Your deadliest weapon is deception…

After she relayed this to Rhyme he said, “We’re thinking the body’s a young businessman. Could be a lawyer. Ask Jodie if he ever mentioned trying to get into the courthouse for the grand jury.”

Jodie didn’t think so.

Sachs told Rhyme this.

“Okay. Thanks.” She heard him calling something to Mel Cooper. “I’ll check in later, Sachs.”

After they hung up, Percey asked them, “You want a nightcap?”

Sachs couldn’t decide if she did or not. The memory of the scotch preceding her fiasco in Lincoln Rhyme’s bed made her cringe. But on impulse she said, “Sure.”

Roland Bell decided he could be off duty for a half hour.

Jodie opted for a fast, medicinal shot of whiskey, then headed off to bed, toting his self-help book under his arm and staring with a city boy’s fascination at a mounted moose head.

Outside, in the thick spring air, cicadas chirped and bullfrogs belched their peculiar, unsettling calls.

As he looked out the window into the early morning darkness Jodie could see the starbursts of searchlights radiating through the fog. Shadows danced sideways – the mist moving through the trees.

He stepped away from his window and walked to the door of his room, looked out.

Two marshals guarded this corridor, sitting in a small security room twenty feet away. They seemed bored and only moderately vigilant.

He listened and heard nothing other than the snaps and ticks of an old house late in the evening.

Jodie returned to his bed and sat on the sagging mattress. He picked up his battered, stained copy of Dependent No More.

Let’s get to work, he thought.

He opened the book wide, the glue cracking, and tore a small patch of tape off the bottom of the spine. A long knife slid onto the bed. It looked like black metal though it was made of ceramic-impregnated polymer and wouldn’t register on a metal detector. It was stained and dull, sharp as a razor on one edge, serrated like a surgical saw on the other. The handle was taped.

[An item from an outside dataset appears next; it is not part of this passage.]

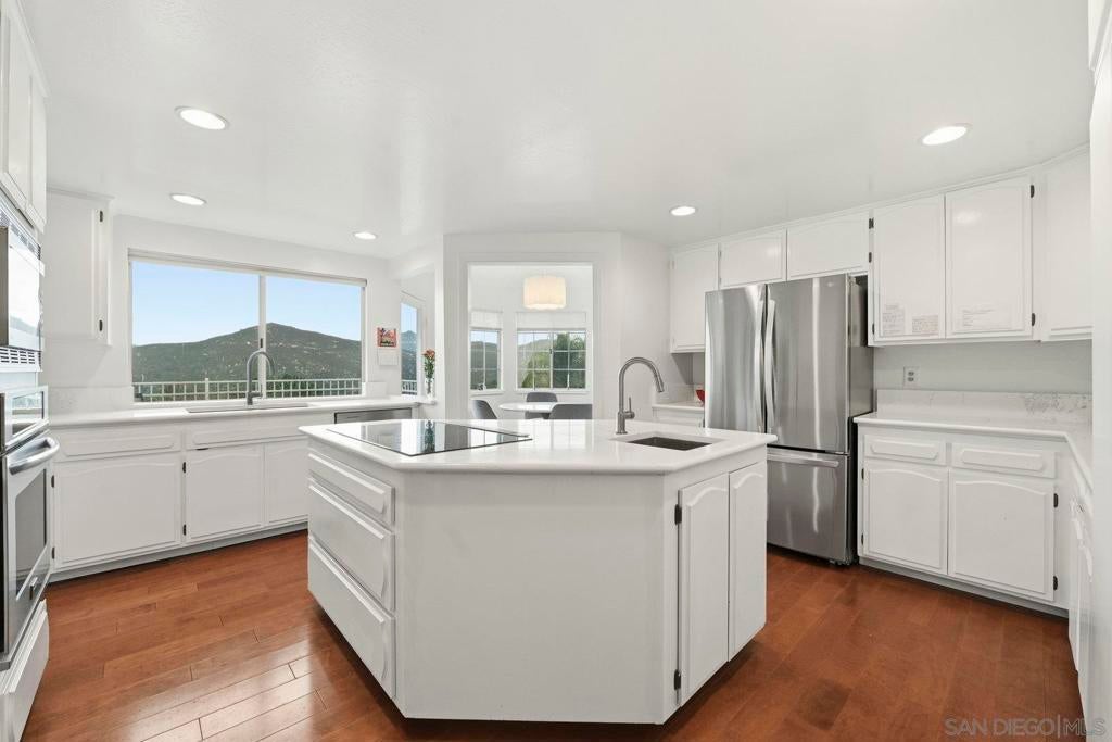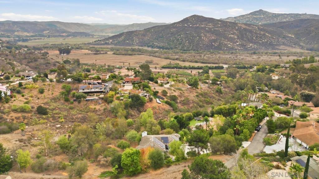 Endless panoramic views of San Pasqual Valley from nearly ever window and over sized decks on this double lot home. Adjacent 1.25 acre vacant lot, APN 239-251-75-00, is included in sale and provides space and privacy from neighbors. Expansive deck from living, dining, & breakfast room with that serene mountain views. House has been converted completely to electric, large solar (paid off), two Tesla backup batteries and EV charger inside the 3 car garage. Recently renovated, lots of storage. Privacy and views and a stones throw to Kit Karson park, 15 HWY and shopping.

He’d designed and constructed it himself. Like most serious weapons it wasn’t glitzy and it wasn’t sexy and it did only one thing: it killed. And it did this very, very well.

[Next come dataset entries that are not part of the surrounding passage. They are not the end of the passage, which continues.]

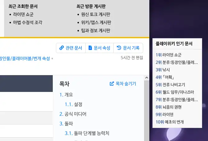 - PC 버전 우측에 플레이위키 인기 문서를 보여주는 위젯을 추가하였습니다.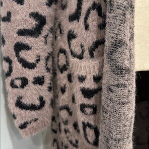 Chic leopard patterned cardigan. Soft and stylish. Ideal for layering. Complete with side pockets and eyelash style fabric
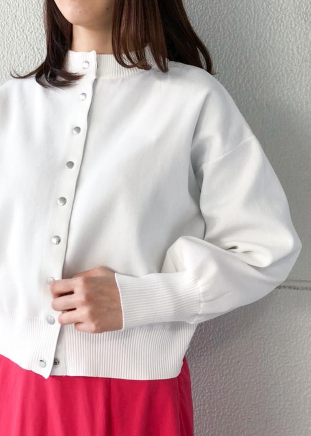 少し赤に近いビビットピンクのスカートは存在感があるので、シンプルな白のカーディガンを合わせました。

He had no qualms about picking up the weapon – or touching doorknobs or windows – because he was the owner of new fingerprints. The skin on the pads of eight fingers and two thumbs had been burned away chemically last month by a surgeon in Berne, Switzerland, and a new set of prints etched into the scar tissue by a laser used for microsurgery. His own prints would regenerate but not for some months.

Sitting on the edge of the bed, eyes closed, he pictured the common room and took a mental stroll through it, remembering the location of every door, every window, every piece of furniture, the bad landscapes on the walls, the elk antlers above the fireplace, ashtrays, weapons, and potential weapons. Jodie had such a good memory he would have been able to walk through the room blindfolded, never brushing a single chair or table.

Lost in this meditation, he steered his imaginary self to the telephone in the corner and spent a moment considering the safe house’s communications system. He was completely familiar with how it worked (he spent much of his free time reading operating manuals of security and communications systems) and he knew that if he cut the line the drop in voltage would send a signal to the marshals’ panel here and probably to a field office as well. So he’d have to leave it intact.